Start of Block
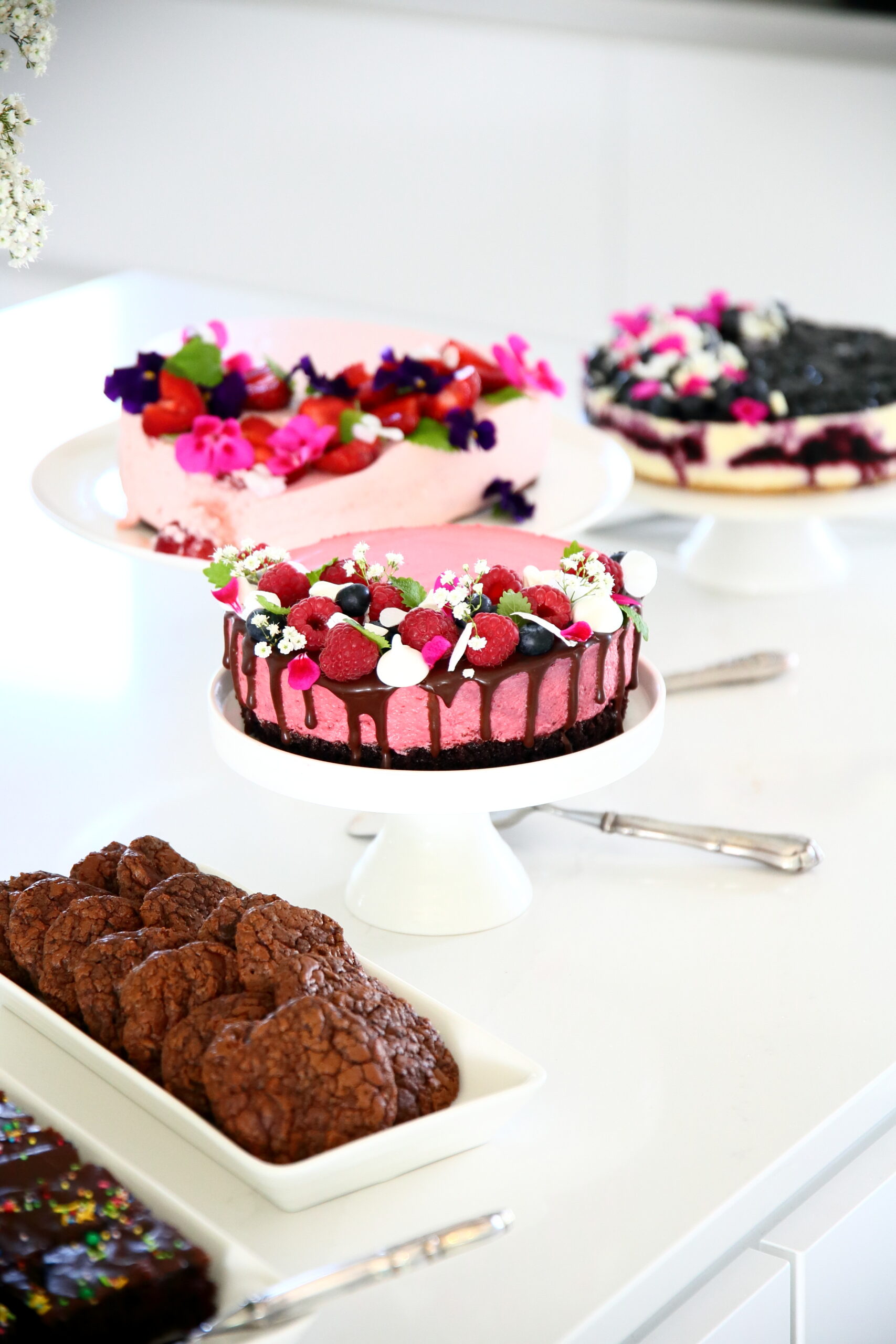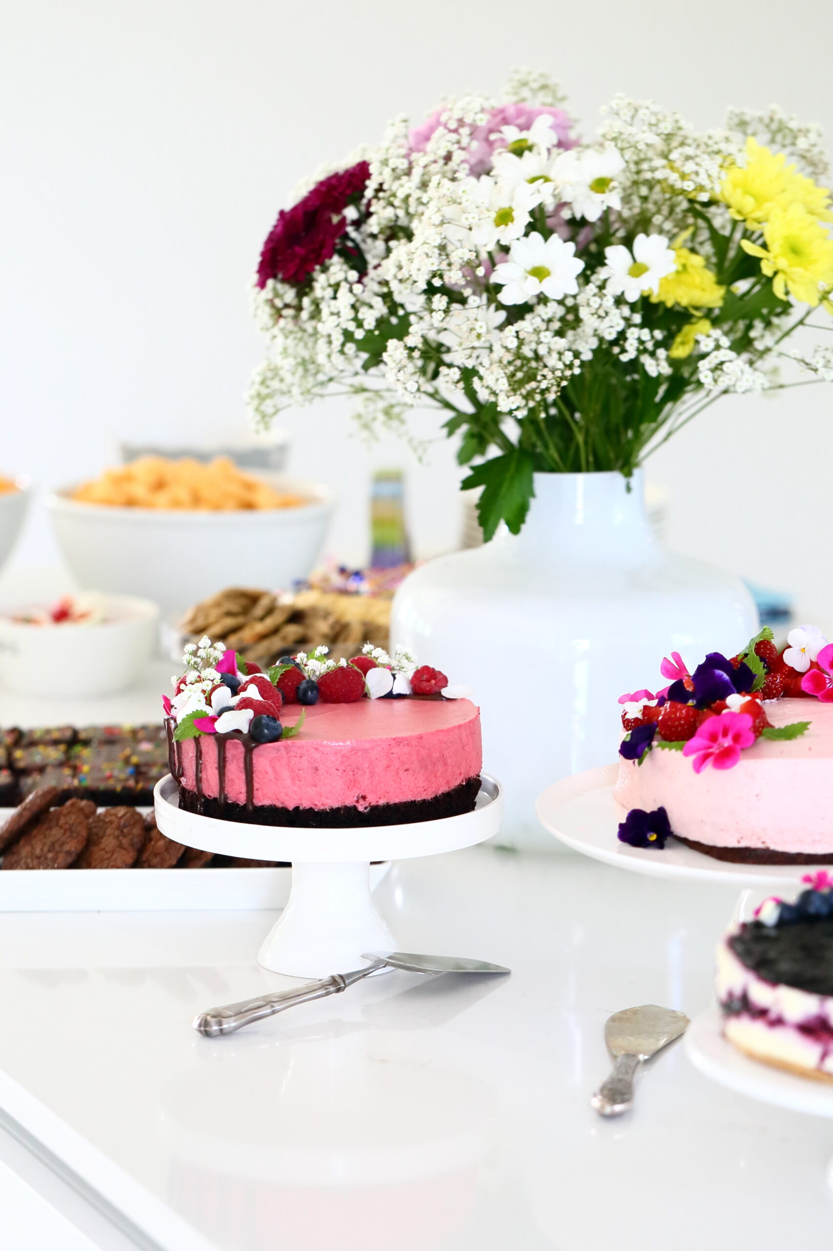 Koristele kakku vaikkapa tuoreilla marjoilla ja syötävillä kukilla. Ja eikun herkuttelemaan.
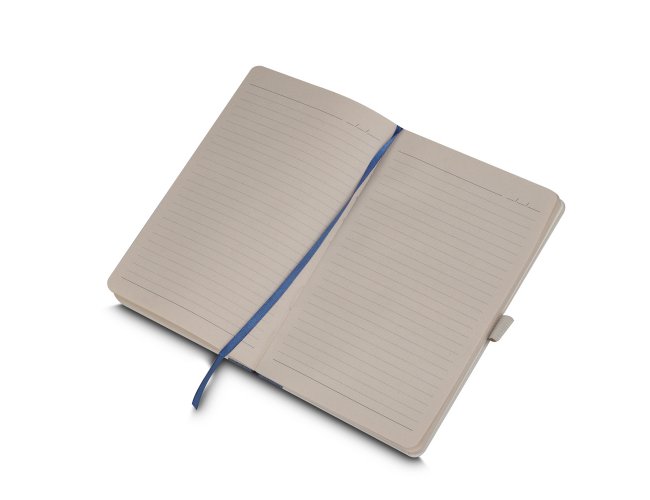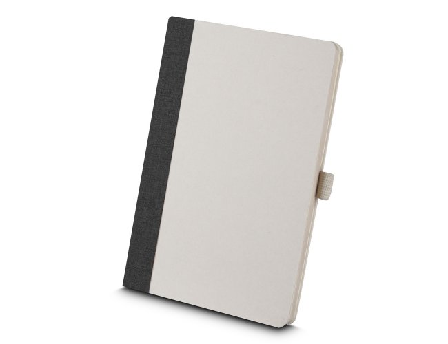 Caderno de anotações, Capa produzida/de fibra de cana de açucar e tecido RPET com suporte para caneta, miolo com 80 folhas pautadas na cor bege.
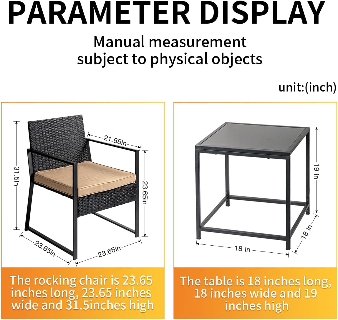 - [Package Contents & Dimensions] The package contains 1 tempered glass, 2 patio chairs, and 2 thick cushions. Additionally, the chair dimensions include 23.65(L) x 23.65(W) x 31.5(H) inches, the table dimensions include17.8(L) x 17.8(W) x 17(H) inches, with the chair weight capacity of 300 lbs, and a table weight capacity of 60 lbs.
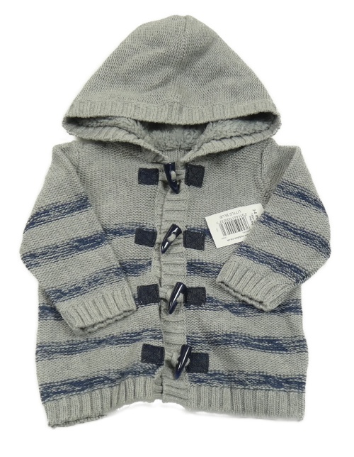 Nové - Šedo-tmavomodrý pruhovaný propínací svetr s kapucí Matalan
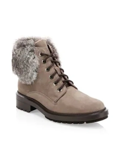 Aquatalia Lacy Suede Combat Boots w Fur Trim
End of Block
▸ What the task asks
Each entry is to be given again exactly as it stands, with its pictures removed.

▸ Reply
 Koristele kakku vaikkapa tuoreilla marjoilla ja syötävillä kukilla. Ja eikun herkuttelemaan.
 Caderno de anotações, Capa produzida/de fibra de cana de açucar e tecido RPET com suporte para caneta, miolo com 80 folhas pautadas na cor bege.
 - [Package Contents & Dimensions] The package contains 1 tempered glass, 2 patio chairs, and 2 thick cushions. Additionally, the chair dimensions include 23.65(L) x 23.65(W) x 31.5(H) inches, the table dimensions include17.8(L) x 17.8(W) x 17(H) inches, with the chair weight capacity of 300 lbs, and a table weight capacity of 60 lbs.
 Nové - Šedo-tmavomodrý pruhovaný propínací svetr s kapucí Matalan
 Aquatalia Lacy Suede Combat Boots w Fur Trim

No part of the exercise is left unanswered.